Report from News Channel 5 in Nashville, Tennessee
Many people believe in the healing power of prayer. But should that power come at the expense of taxpayers?
NewsChannel 5 Investigates learned one local doctor may have billed Medicare for more than just medicine.
Investigative reporter Ben Hall tracked down the doctor who was apparently taking taxpayer money to pray with patients.
The power of prayer can get people through tough times and people have traditionally given it freely, but investigators said a Midstate psychiatrist and minister paid church members to visit nursing home patients and then charged taxpayers.
When asked if he used unlicensed people to bill Medicare for psychotherapy services, Dr. Cupid Poe said, "No comment."
Poe declined comment, but court documents obtained by NewsChannel 5 indicate that agents raised questions about whether he fraudulently billed Medicare for more than $250,000.
Poe often used well-meaning church members to provide psychotherapy.
"I observed them as a therapist and a counselor, a medical therapist and a medical counselor," said Delano Avent.
Court documents indicate Avent was one of Poe's former patients. Poe invited him to church.
Avent said Poe paid him to meet with nursing home patients.

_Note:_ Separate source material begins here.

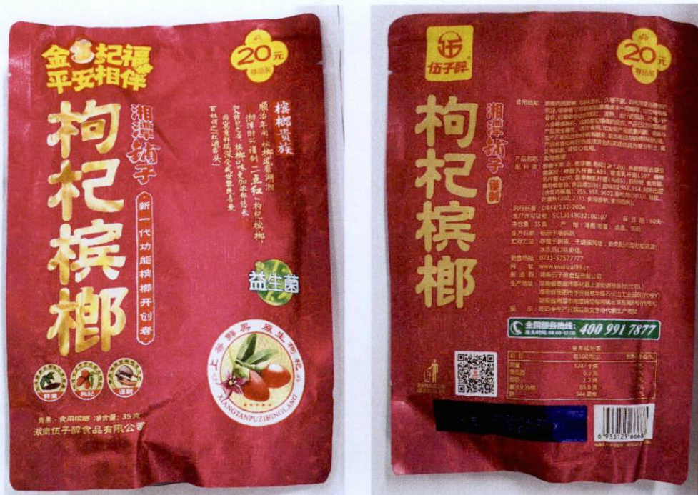
Figure 2. Unregistered XIANTANPUZIBINLANG Nuts in Glittery Pink Packaging (In Foreign Language)

Investigators said Poe billed Medicare as if the patients received psychotherapy services.
When asked what type of training he had, Avent replied, "I have training with my family."
Despite the lack of training, investigators said he treated six residents at the Briley Nursing and Rehabilitation Center.
"I would ask them how they are doing. ‘How do you feel? Did you like your lunch? Did you like your dinner?'" Avent said.
That, federal agents said, does not constitute psychotherapy.
But Avent was not alone.
"We don't bill nobody. What we do, we just pick and sing and go home," said J.D. Russell, a minister.
Russell and his wife said they didn't know Poe was billing Medicare. They visited nursing home patients and held worship services.
When asked if what they did was considered to be psychotherapy, Russell said
"No picking and singing, I don't think, comes nowhere near it," Russell said.
Court documents showed that Poe told federal investigators he used "extenders" to treat patients - "people operating under his supervision."
Poe used people such as the Russells, Avent as well as his daughter, a licensed cosmetologist. She is not a licensed psychiatrist.
Investigators started looking into Poe when they noticed that he billed Medicare for more than 24 hours of psychotherapy services in a single day 50 times.
There were other concerns as well.
In his own counseling sessions Poe told investigators "he asks if the patient would like to sing a song; reads a verse or two of scripture; and closes with a prayer." He also said he "generally spends 20 minutes" with a patient instead of the required 50.
"I don't believe we are going to find therapy that can substitute for the healing power of God," Poe said during a television interview with Dr. James Haney, who hosts a program on local television.
Poe has done many television interviews talking about Christian counseling.
"My job and concern was to observe them and sing hymns with them," Avent said.
He believes anyone was qualified to do it.
But should taxpayers pay for it?
"Do you think taxpayers deserve an explanation?" Hall asked Poe, who did not answer.
His attorney said his client is cooperating with the investigation and he hopes to reach some kind of resolution with the federal government.
Poe billed Medicare between 2004 and 2006.
His attorney said there has been a lot of negotiating back and forth. The federal government wants to send a message that it's cracking down on Medicare fraud.
Medicare fraud by doctors and patients has grown in recent years. Last year, federal officials said investigators discovered more than $3 billion in fraud.